+++ DATA FOR THIS EXERCISE
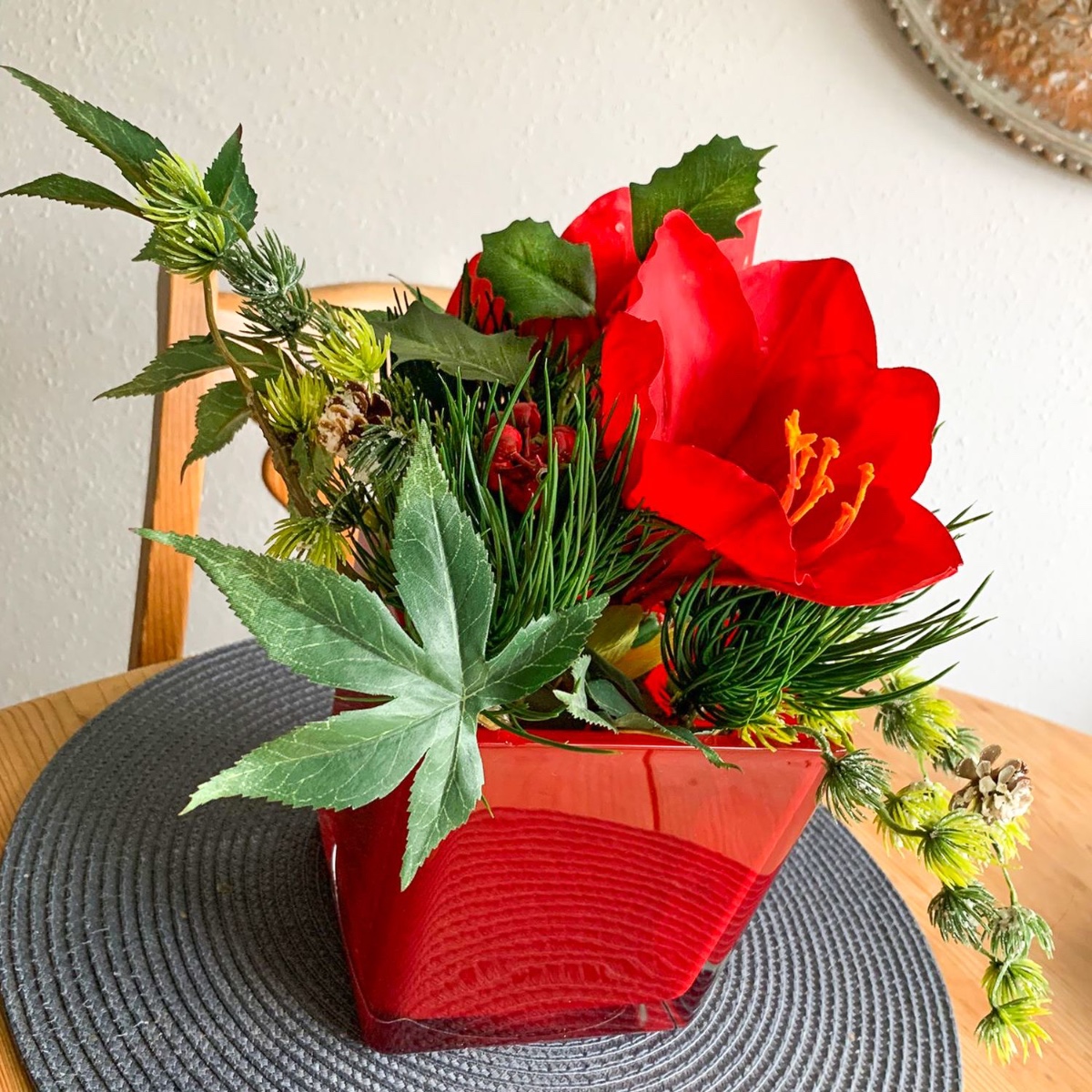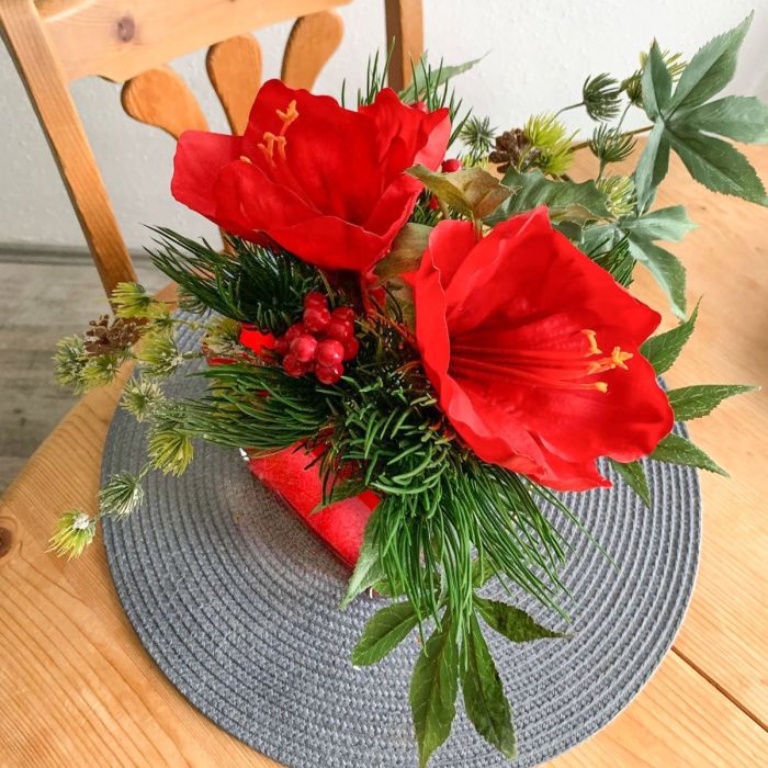 Brillo invernal en un cuadrado rojo: ¡pura elegancia con amarilis! Un moderno arreglo floral invernal que combina elegancia y festividad: la majestuosa amarilis se eleva orgullosa desde un cubo de cristal rojo intenso que le proporciona un marco elegante. El intenso contraste de colores entre el rojo brillante y el verde fresco aporta calidez invernal a cualquier ambiente. Una sencillez sofisticada que encanta tanto como decoración de mesa como elegante regalo. ¡Compra este look!
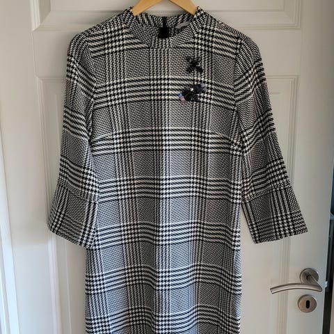 Klassisk kjole i sort og hvitt hundetannmønster.
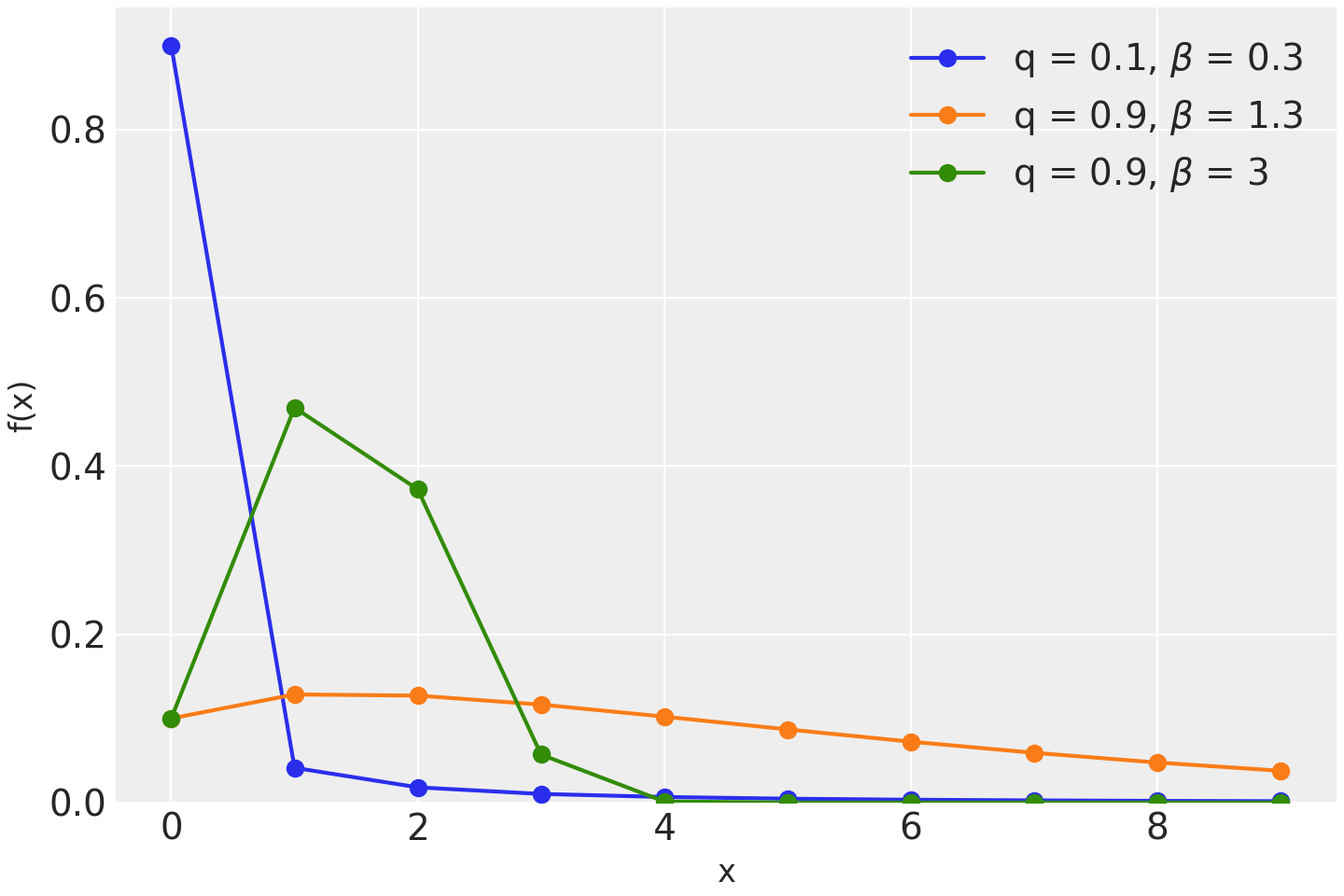 \[f(x \mid q, \beta) = q^{x^{\beta}} - q^{(x + 1)^{\beta}}\]
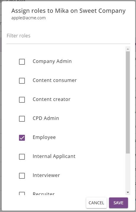 From this window, simply check or uncheck the roles you wish to add or remove, and once you are happy with the changes made click on the Save button. Otherwise, click on the Cancel button to undo any of the changes made. You can filter through the roles by typing in a search term into the Filter Roles search bar, which will update the list to show roles matching the search term.
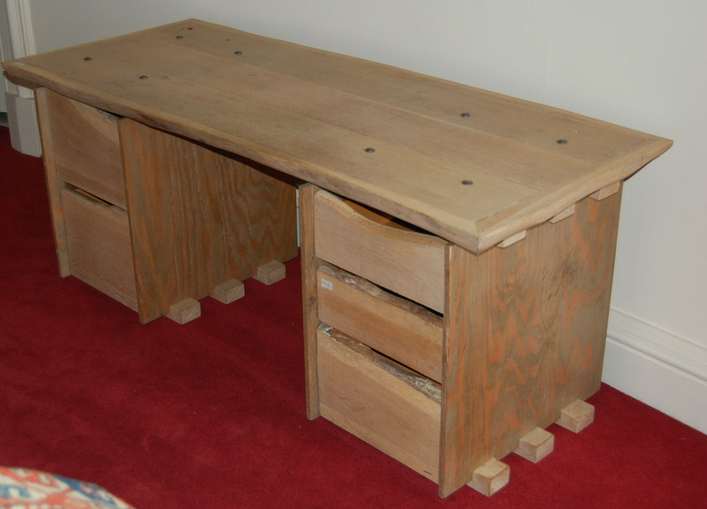 made by Ray McNeil, the rectangular top with naturalistically chamfered edge above twin pedestals of two drawers
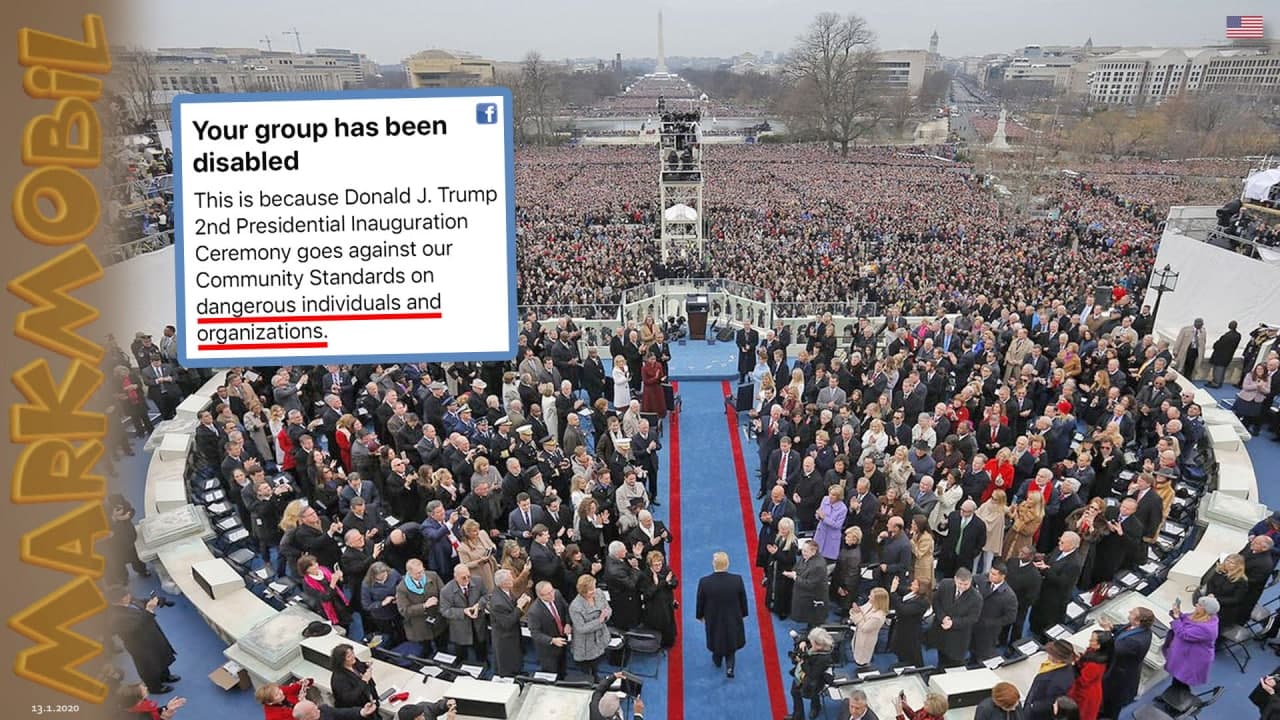 Die Bevölkerung in den USA, die DONALD TRUMP gewählt hat, will für ihn eine eigene ZWEITE AMTSEINFÜHRUNG organisieren, parallel zu JOE BIDENs Amtseinführung. Eine entsprechende Facebookgruppe hatte innerhalb kürzester Zeit 300.000 Mitglieder. Aber Facebook hat die Gruppe gelöscht. Begründung: Sie verstößt gegen die „Communityrichtlinien für gefährliche Personen und Organisationen“.
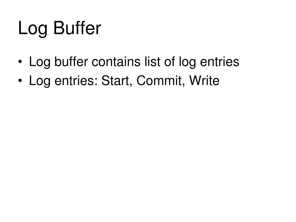 Log Buffer • Log buffer contains list of log entries • Log entries: Start, Commit, Write
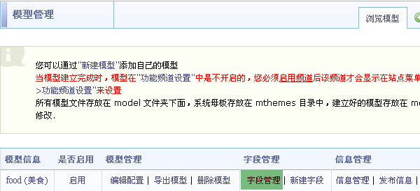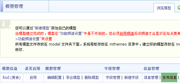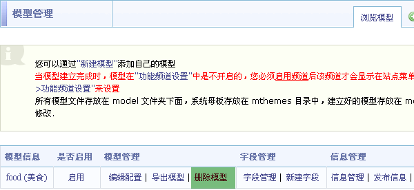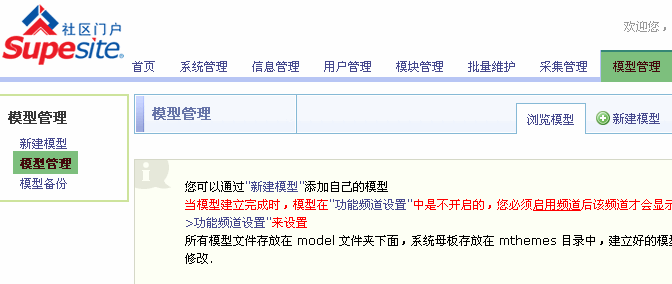 SupeSite7.5 后台 => 模型管理:
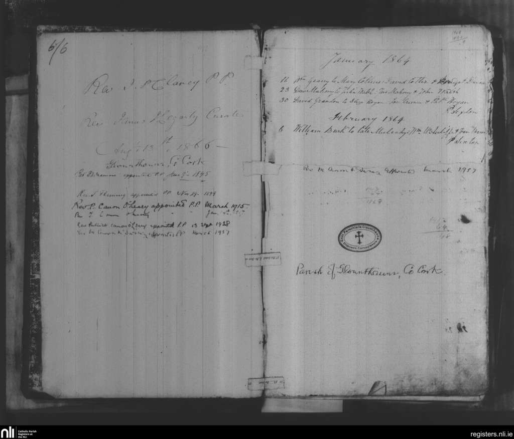 Glounthane; County of Cork; Diocese of Cork and Ross. Baptisms, Jan. 1864 to Feb. 1864
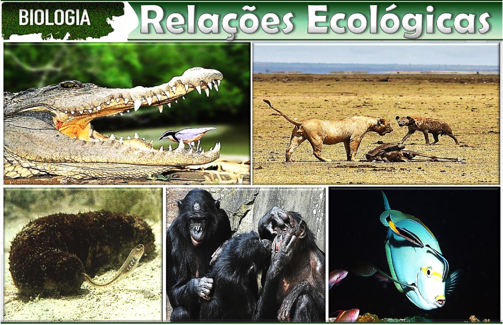 A interação entre organismos que constituem uma comunidade são denominadas relações ecológicas, e costumam ser classificadas em: Relações intraespecíficas; Relações interespecíficas; Relações harmônicas; Relações desarmônicas; Introdução As relações ecológicas ocorrem para a obtenção de recursos necessários à sobrevivência dos organismos. Prejuízo Benefício Neutro + - 0 Exemplos: Relação 1: (+ / +) Relação 2: (+ / -) Relação 3: ( + / 0) Relação 4: (- / -) Relações Harmônicas Intra-Específica Interespecífica - Colônias - Sociedades - Mutualismo - Protocooperação - Comensalismo ( + / + ; + / 0) (Mesma espécie) (Espécies diferentes) Relações Desarmônicas Intra-Específica Interespecífica - Competição intra-específica - Canibalismo - Competição interespecífica - Predatismo - Parasitismo - Amensalismo - Esclavagismo ( + / - ; - / 0 ; - / -) (Mesma espécie) (Espécies diferentes) - São associações entre indivíduos da mesma espécie, unidos fisicamente entre si, podendo ou não ocorrer divisão de trabalho. - Ex: Corais, bactérias (estreptococos), caravela. Relações Harmônicas Intraespecíficas Colônia Colônia Heteromorfa Relações Harmônicas Intraespecíficas Colônia Colônia Isomorfa Relações Harmônicas Intraespecíficas Colônia - São associações entre indivíduos da mesma espécie, organizados de modo cooperativo e não ligados anatomicamente. - Ex: sociedade dos insetos: abelhas, formigas, vespas. Relações Harmônicas Intraespecíficas Sociedade Relações Harmônicas Intraespecíficas Sociedade Relações Harmônicas Intraespecíficas Sociedade Sociedade dos Chimpanzés Sociedade dos Leões Relações Harmônicas Intraespecíficas Sociedade - É a associação entre indivíduos de espécies diferentes, necessária à sobrevivência dos participantes e que beneficia ambos. o Líquens: associação entre algas ou cianobactérias e fungos. o Bacteriorriza: formada por bactérias do gênero Rhizobium com raízes de leguminosas. o Herbívoros e Protozoários. Relações Harmônicas Interespecíficas Mutualismo Relações Harmônicas Interespecíficas Mutualismo Relações Harmônicas Interespecíficas Mutualismo - É a associação entre espécies diferentes em que ambos se beneficiam, mas a existência não é obrigatória. Ex: o Paguro e anêmonas do mar o Cervo e pássaro anu o Pássaro palito e jacaré Relações Harmônicas Interespecíficas Protocooperação Relações Harmônicas Interespecíficas Protocooperação Relações Harmônicas Interespecíficas Protocooperação Relações Harmônicas Interespecíficas Protocooperação - É a associação entre espécies diferentes, na qual uma espécie é beneficiada sem causar prejuízo ou benefício a outra. Comensalismo típico: Uma espécie se alimenta de restos alimentares de outra, sem prejudicá-la. Ex: Abutres. Inquilinismo: Uma espécie vive sobre ou no interior de uma espécie hospedeira, sem prejudicá-la. Nos vegetais essa associação recebe o nome de epifitismo. Ex: Bromélias. Forésia: Uma espécie usa a outra como meio de transporte. Ex: Tubarão e rêmoras. Relações Harmônicas Interespecíficas Comensalismo Relações Harmônicas Interespecíficas Comensalismo Comensalismo típico Inquilinismo Forésia Competição Intraespecífica: Ocorre entre indivíduos da mesma espécie, e é motivada por disputas por território, alimento e companheiro sexual. Obs.: A competição é um fator que regula o tamanho da população Relações Desarmônicas Intraespecíficas Canibalismo: Relação na qual um organismo se alimenta de outro da mesma espécie. Ex: Louva-Deus; Aranha viúva negra. Louva-a-Deus (Macho x Fêmea) Gafanhoto x Gafanhoto Relações Desarmônicas Intraespecíficas Competição Interespecífica: Ocorre entre indivíduos de espécies diferentes. Geralmente ocorre quando duas espécies apresentam sobreposição de nichos ecológicos. A disputa pelo mesmo recurso ambiental é um importante fator no controle do tamanho das populações. Quando uma competição é muito severa uma das espécies pode ser eliminada ou obrigada a emigrar. A introdução de espécies exóticas causa graves impactos ambientais. Relações Desarmônicas Interespecíficas Competição Interespecífica Paramércios cultivados isolados apresentam elevada densidade populacional Cultivados juntos a espécie de P. caudatum tem sua população reduzida devido à intensa competição com P. aurelia. Predatismo: Ocorre quando organismo predadores matam indivíduos da população de presas para deles se alimentarem. Ex: Leões e Zebras. Obs.: A relação presa-predador é um fator regulador da densidade populacional de ambos. Presa Predador Nº de indivíduos Tempo Relações Desarmônicas Interespecíficas Parasitismo: Relação na qual o parasita, obtêm nutrientes e moradia no corpo espécie hospedeira prejudicando-a. - Endoparasitismo: O parasita vive no interior do corpo do hospedeiro. Ex: Vermes. - Ectoparasitismo: O parasita vive na superfície do hospedeiro. Ex: Piolho e homem. - Holoparasita: Planta parasita obtém Seiva Bruta e Elaborada as custas da planta hospedeira. Ex: Cipó-chumbo. - Hemiparasita: Planta parasita obtém Somente Seiva Bruta as custas da planta hospedeira. Ex: Erva de passarinho. Relações Desarmônicas Interespecíficas Carrapato x Ser humano Lombriga x Ser humano Ectoparasita Endoparasita Relações Desarmônicas Interespecíficas Parasitismo em Animais Erva de Passarinho x Árvore Cipó Chumbo x Árvore Hemiparasita Holoparasita Parasitismo em plantas Relações Desarmônicas Interespecíficas Amensalismo ou antibiose: uma espécie libera substâncias que impedem o crescimento e a reprodução de outra. Ex: Algas pirrófitas e animais marinhos (Maré vermelha). Relações Desarmônicas Interespecíficas Esclavagismo (Sinfilia): Uma espécie se beneficia do trabalho de outra. Ex: Chupim, Formigas e pulgões Relações Desarmônicas Interesp
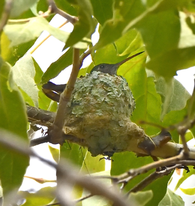 Female Berylline Hummingbird on its nest at the Ramsey Canyon Preserve south of Sierra Vista, Cochise County, Arizona. August 14, 2025.
++++++
_TASK BRIEF_
Would you copy out the data exactly, leaving every picture out?

_YOUR RESPONSE_
 Brillo invernal en un cuadrado rojo: ¡pura elegancia con amarilis! Un moderno arreglo floral invernal que combina elegancia y festividad: la majestuosa amarilis se eleva orgullosa desde un cubo de cristal rojo intenso que le proporciona un marco elegante. El intenso contraste de colores entre el rojo brillante y el verde fresco aporta calidez invernal a cualquier ambiente. Una sencillez sofisticada que encanta tanto como decoración de mesa como elegante regalo. ¡Compra este look!
 Klassisk kjole i sort og hvitt hundetannmønster.
 \[f(x \mid q, \beta) = q^{x^{\beta}} - q^{(x + 1)^{\beta}}\]
 From this window, simply check or uncheck the roles you wish to add or remove, and once you are happy with the changes made click on the Save button. Otherwise, click on the Cancel button to undo any of the changes made. You can filter through the roles by typing in a search term into the Filter Roles search bar, which will update the list to show roles matching the search term.
 made by Ray McNeil, the rectangular top with naturalistically chamfered edge above twin pedestals of two drawers
 Die Bevölkerung in den USA, die DONALD TRUMP gewählt hat, will für ihn eine eigene ZWEITE AMTSEINFÜHRUNG organisieren, parallel zu JOE BIDENs Amtseinführung. Eine entsprechende Facebookgruppe hatte innerhalb kürzester Zeit 300.000 Mitglieder. Aber Facebook hat die Gruppe gelöscht. Begründung: Sie verstößt gegen die „Communityrichtlinien für gefährliche Personen und Organisationen“.
 Log Buffer • Log buffer contains list of log entries • Log entries: Start, Commit, Write
 SupeSite7.5 后台 => 模型管理:
 Glounthane; County of Cork; Diocese of Cork and Ross. Baptisms, Jan. 1864 to Feb. 1864
 A interação entre organismos que constituem uma comunidade são denominadas relações ecológicas, e costumam ser classificadas em: Relações intraespecíficas; Relações interespecíficas; Relações harmônicas; Relações desarmônicas; Introdução As relações ecológicas ocorrem para a obtenção de recursos necessários à sobrevivência dos organismos. Prejuízo Benefício Neutro + - 0 Exemplos: Relação 1: (+ / +) Relação 2: (+ / -) Relação 3: ( + / 0) Relação 4: (- / -) Relações Harmônicas Intra-Específica Interespecífica - Colônias - Sociedades - Mutualismo - Protocooperação - Comensalismo ( + / + ; + / 0) (Mesma espécie) (Espécies diferentes) Relações Desarmônicas Intra-Específica Interespecífica - Competição intra-específica - Canibalismo - Competição interespecífica - Predatismo - Parasitismo - Amensalismo - Esclavagismo ( + / - ; - / 0 ; - / -) (Mesma espécie) (Espécies diferentes) - São associações entre indivíduos da mesma espécie, unidos fisicamente entre si, podendo ou não ocorrer divisão de trabalho. - Ex: Corais, bactérias (estreptococos), caravela. Relações Harmônicas Intraespecíficas Colônia Colônia Heteromorfa Relações Harmônicas Intraespecíficas Colônia Colônia Isomorfa Relações Harmônicas Intraespecíficas Colônia - São associações entre indivíduos da mesma espécie, organizados de modo cooperativo e não ligados anatomicamente. - Ex: sociedade dos insetos: abelhas, formigas, vespas. Relações Harmônicas Intraespecíficas Sociedade Relações Harmônicas Intraespecíficas Sociedade Relações Harmônicas Intraespecíficas Sociedade Sociedade dos Chimpanzés Sociedade dos Leões Relações Harmônicas Intraespecíficas Sociedade - É a associação entre indivíduos de espécies diferentes, necessária à sobrevivência dos participantes e que beneficia ambos. o Líquens: associação entre algas ou cianobactérias e fungos. o Bacteriorriza: formada por bactérias do gênero Rhizobium com raízes de leguminosas. o Herbívoros e Protozoários. Relações Harmônicas Interespecíficas Mutualismo Relações Harmônicas Interespecíficas Mutualismo Relações Harmônicas Interespecíficas Mutualismo - É a associação entre espécies diferentes em que ambos se beneficiam, mas a existência não é obrigatória. Ex: o Paguro e anêmonas do mar o Cervo e pássaro anu o Pássaro palito e jacaré Relações Harmônicas Interespecíficas Protocooperação Relações Harmônicas Interespecíficas Protocooperação Relações Harmônicas Interespecíficas Protocooperação Relações Harmônicas Interespecíficas Protocooperação - É a associação entre espécies diferentes, na qual uma espécie é beneficiada sem causar prejuízo ou benefício a outra. Comensalismo típico: Uma espécie se alimenta de restos alimentares de outra, sem prejudicá-la. Ex: Abutres. Inquilinismo: Uma espécie vive sobre ou no interior de uma espécie hospedeira, sem prejudicá-la. Nos vegetais essa associação recebe o nome de epifitismo. Ex: Bromélias. Forésia: Uma espécie usa a outra como meio de transporte. Ex: Tubarão e rêmoras. Relações Harmônicas Interespecíficas Comensalismo Relações Harmônicas Interespecíficas Comensalismo Comensalismo típico Inquilinismo Forésia Competição Intraespecífica: Ocorre entre indivíduos da mesma espécie, e é motivada por disputas por território, alimento e companheiro sexual. Obs.: A competição é um fator que regula o tamanho da população Relações Desarmônicas Intraespecíficas Canibalismo: Relação na qual um organismo se alimenta de outro da mesma espécie. Ex: Louva-Deus; Aranha viúva negra. Louva-a-Deus (Macho x Fêmea) Gafanhoto x Gafanhoto Relações Desarmônicas Intraespecíficas Competição Interespecífica: Ocorre entre indivíduos de espécies diferentes. Geralmente ocorre quando duas espécies apresentam sobreposição de nichos ecológicos. A disputa pelo mesmo recurso ambiental é um importante fator no controle do tamanho das populações. Quando uma competição é muito severa uma das espécies pode ser eliminada ou obrigada a emigrar. A introdução de espécies exóticas causa graves impactos ambientais. Relações Desarmônicas Interespecíficas Competição Interespecífica Paramércios cultivados isolados apresentam elevada densidade populacional Cultivados juntos a espécie de P. caudatum tem sua população reduzida devido à intensa competição com P. aurelia. Predatismo: Ocorre quando organismo predadores matam indivíduos da população de presas para deles se alimentarem. Ex: Leões e Zebras. Obs.: A relação presa-predador é um fator regulador da densidade populacional de ambos. Presa Predador Nº de indivíduos Tempo Relações Desarmônicas Interespecíficas Parasitismo: Relação na qual o parasita, obtêm nutrientes e moradia no corpo espécie hospedeira prejudicando-a. - Endoparasitismo: O parasita vive no interior do corpo do hospedeiro. Ex: Vermes. - Ectoparasitismo: O parasita vive na superfície do hospedeiro. Ex: Piolho e homem. - Holoparasita: Planta parasita obtém Seiva Bruta e Elaborada as custas da planta hospedeira. Ex: Cipó-chumbo. - Hemiparasita: Planta parasita obtém Somente Seiva Bruta as custas da planta hospedeira. Ex: Erva de passarinho. Relações Desarmônicas Interespecíficas Carrapato x Ser humano Lombriga x Ser humano Ectoparasita Endoparasita Relações Desarmônicas Interespecíficas Parasitismo em Animais Erva de Passarinho x Árvore Cipó Chumbo x Árvore Hemiparasita Holoparasita Parasitismo em plantas Relações Desarmônicas Interespecíficas Amensalismo ou antibiose: uma espécie libera substâncias que impedem o crescimento e a reprodução de outra. Ex: Algas pirrófitas e animais marinhos (Maré vermelha). Relações Desarmônicas Interespecíficas Esclavagismo (Sinfilia): Uma espécie se beneficia do trabalho de outra. Ex: Chupim, Formigas e pulgões Relações Desarmônicas Interesp
 Female Berylline Hummingbird on its nest at the Ramsey Canyon Preserve south of Sierra Vista, Cochise County, Arizona. August 14, 2025.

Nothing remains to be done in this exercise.